Tout ça pour dire la fragilité des souvenirs que nous possédons, sans parler de l'activité inconsciente qui nous les modifie tant et plus, des souvenirs tronqués, des souvenirs écrans, des inventions, etc...

Un autre point à retenir, c'est la construction de notre identité qui aboutit à ce que nous sommes, addition infinie de toutes nos expériences, et de tous les souvenirs que nous en avons ( souvenirs qui etc, voir plus haut ). cette question est très vaste : qui sommes-nous, somme de ce que nous croyons avoir vécu laors que ça ne s'est pas du tout passé comme ça. Sur ce point, peu importe, car on y arrive. Même si les souvenirs ne sont pas exacts mais refaits, on parvient tout de même à "être quelqu'un", à se définir, à se construire une identité malgré cette non-vérité. Et même, pour être, on n'a pas vraiment besoin de la vérité historique des faits. On arrive à faire avec ce dont on se souvient.

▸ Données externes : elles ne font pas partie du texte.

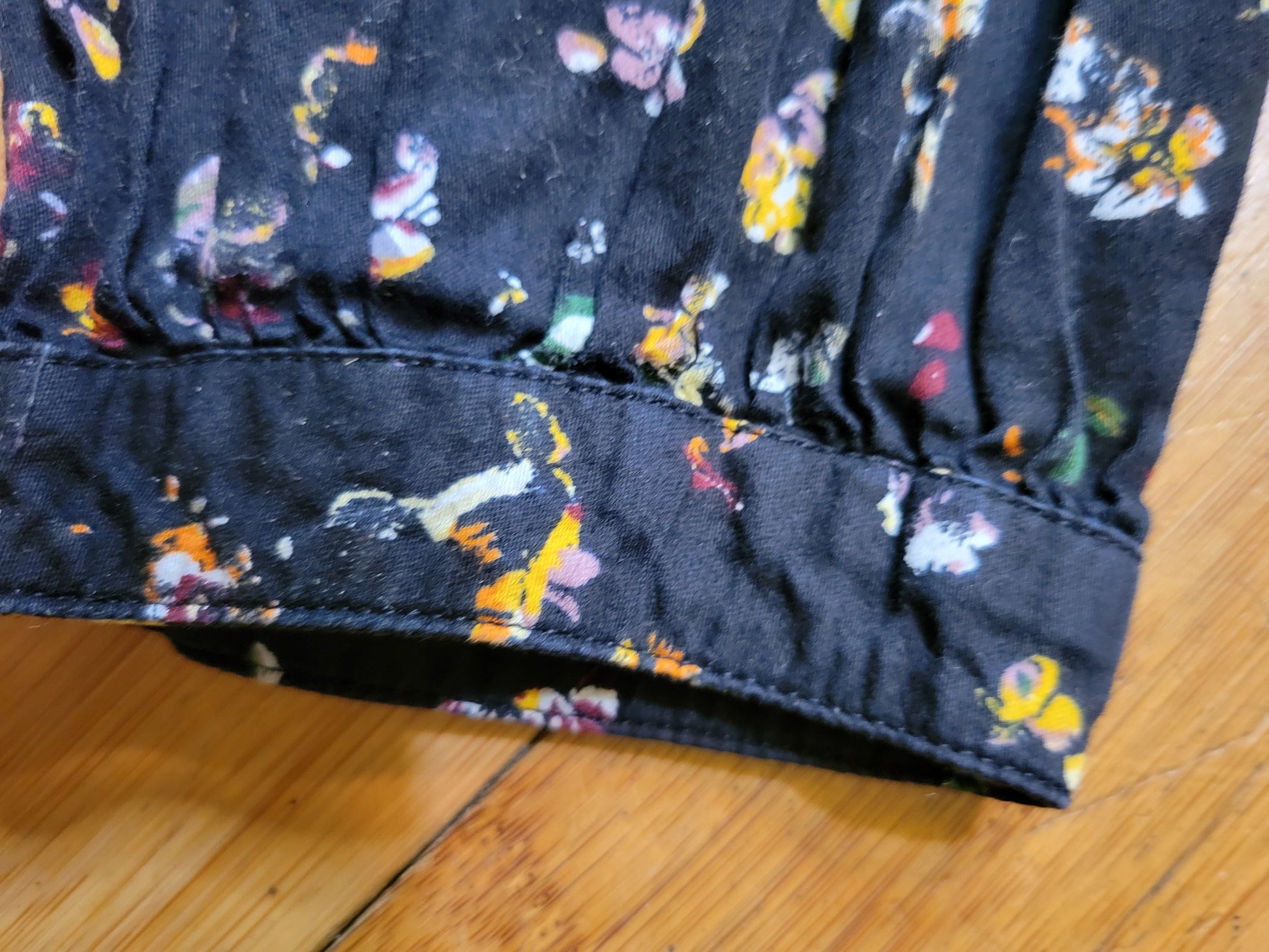 A softly draping blouse that feels like a midnight stroll through a garden—gentle, scattered florals dancing across a deep black background. This GAP XL top offers a relaxed, airy silhouette with long sleeves that gather into a subtle cuff, giving it a softly billowed effect. The lightweight weave makes it perfect for layering under cardigans, denim jackets, or structured blazers, and the double-button keyhole closure at the back adds a quiet touch of polish. Its palette of cream, orange, maroon, and soft green opens endless styling options, blending beautifully with denim, tailored trousers, or autumn-toned skirts.

actuellement, la technique moderne nous donne moyen de tracer avec une précision informatique certains évènements. les téléphones portables nous localisent, on sait où on est en temps et en heure, et où on était il y a x années, les blogs gardent traces de nous d'une façon indélébile ( car même si notre compte est supprimé, qu'est-ce qui nous assure que tout a été effacé sur le Net, que personne au monde ne garde une copie), et les appareils photo et caméscopes numériques génèrent du document visuel à la pelle. la production d'informations visuelles se mesurent à la croissance des vente des support, carte, disque dur, gravable, et on arrive à des millions de téra octets d'information produites. Ces informations, sauf destructions ou manipulation intentionelles, ne s'erronnent pas. Au fil du temps, ce souvenir là ne se modifie pas.

Alors, qu'en est-il de notre construction identitaire qu'on accomode toujours avec  ce dont on se souvient, qu'on bricole, qu'on raffistole, si quelque chose d'indiscutable vient nous montrer la vérité des évènements.
"- Mais si, il s'est passé ça...
- Mais regarde, tu vois sur la photo, c'est pas possible....
- Ben ça alors, mais j'ai toujours cru que..... et ça fait des années que je pensais que....."

qu'en sera-t-il de notre rapport au monde et à nous même quand la technique se souviendra de tout?
que pourrons-nous penser quand une vérite, autre que celle dont on se souvenait, qu'on gardait en mémoire, et avec laquelle on s'était construit, se fera jour?
qu'adviendra-t-il du temps où la machine se souviendra pour nous?
qu'en sera-t-il de notre liberté, de notre humanité dans la non-technicité de pouvoir se souvenir ou non de quelque chose?